[What is required]: An exact reproduction is needed of every line from the beginning of the data down to and including the line that contains "少女とライオンの絆が感じられ", minus the pictures.

[Provided material]:
- - - -

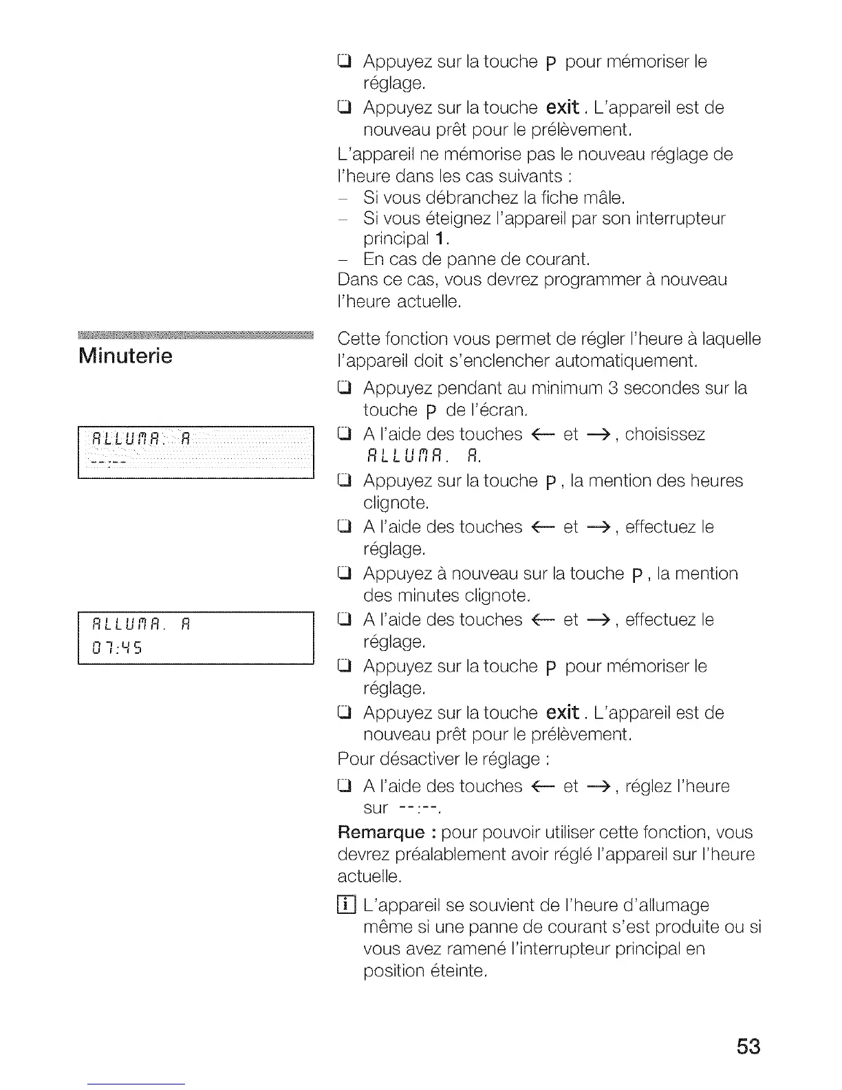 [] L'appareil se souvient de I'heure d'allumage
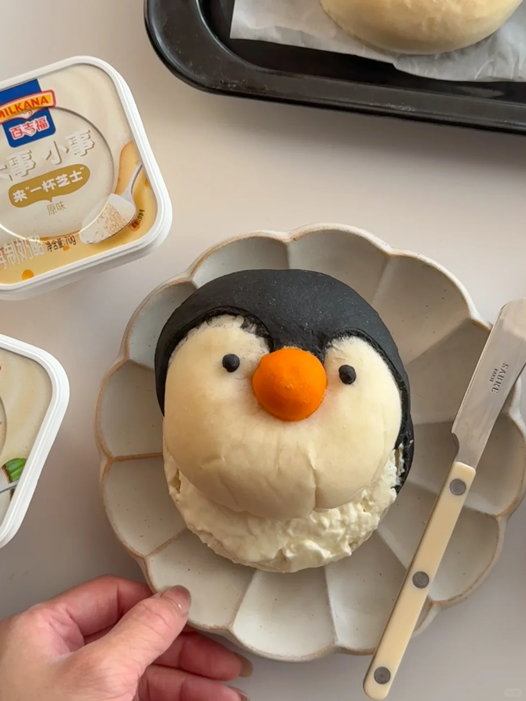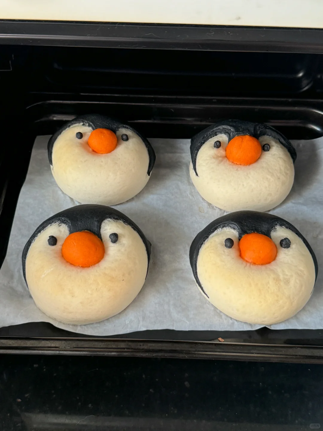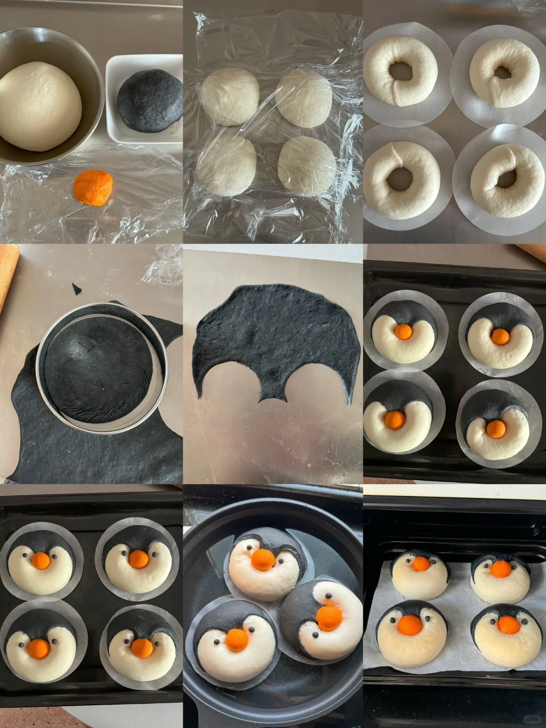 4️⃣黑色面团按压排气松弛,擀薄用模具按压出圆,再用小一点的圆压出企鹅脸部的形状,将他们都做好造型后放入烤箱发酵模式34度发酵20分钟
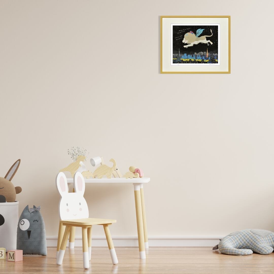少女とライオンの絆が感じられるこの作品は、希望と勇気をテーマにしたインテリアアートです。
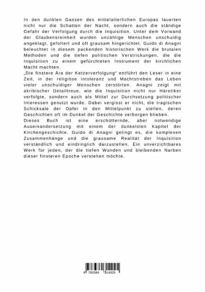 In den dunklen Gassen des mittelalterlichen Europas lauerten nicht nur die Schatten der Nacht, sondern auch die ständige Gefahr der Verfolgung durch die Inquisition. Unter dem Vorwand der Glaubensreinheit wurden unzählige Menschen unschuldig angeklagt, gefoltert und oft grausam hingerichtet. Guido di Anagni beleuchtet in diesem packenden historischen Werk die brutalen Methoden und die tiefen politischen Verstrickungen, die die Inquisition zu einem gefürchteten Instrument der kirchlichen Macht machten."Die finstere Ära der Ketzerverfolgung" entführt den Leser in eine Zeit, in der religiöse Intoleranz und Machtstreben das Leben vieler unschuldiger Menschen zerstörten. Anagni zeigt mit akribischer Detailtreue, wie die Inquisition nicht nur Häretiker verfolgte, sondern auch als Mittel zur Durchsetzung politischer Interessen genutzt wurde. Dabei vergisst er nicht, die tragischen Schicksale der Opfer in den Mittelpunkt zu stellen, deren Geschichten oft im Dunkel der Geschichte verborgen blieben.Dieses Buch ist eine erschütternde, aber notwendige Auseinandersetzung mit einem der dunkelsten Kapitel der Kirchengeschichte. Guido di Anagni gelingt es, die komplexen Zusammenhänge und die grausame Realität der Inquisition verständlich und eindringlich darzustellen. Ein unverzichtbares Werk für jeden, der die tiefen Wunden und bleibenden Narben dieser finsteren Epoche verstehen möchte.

- - - -

[Result of this exercise]:
 [] L'appareil se souvient de I'heure d'allumage
 4️⃣黑色面团按压排气松弛,擀薄用模具按压出圆,再用小一点的圆压出企鹅脸部的形状,将他们都做好造型后放入烤箱发酵模式34度发酵20分钟
少女とライオンの絆が感じられるこの作品は、希望と勇気をテーマにしたインテリアアートです。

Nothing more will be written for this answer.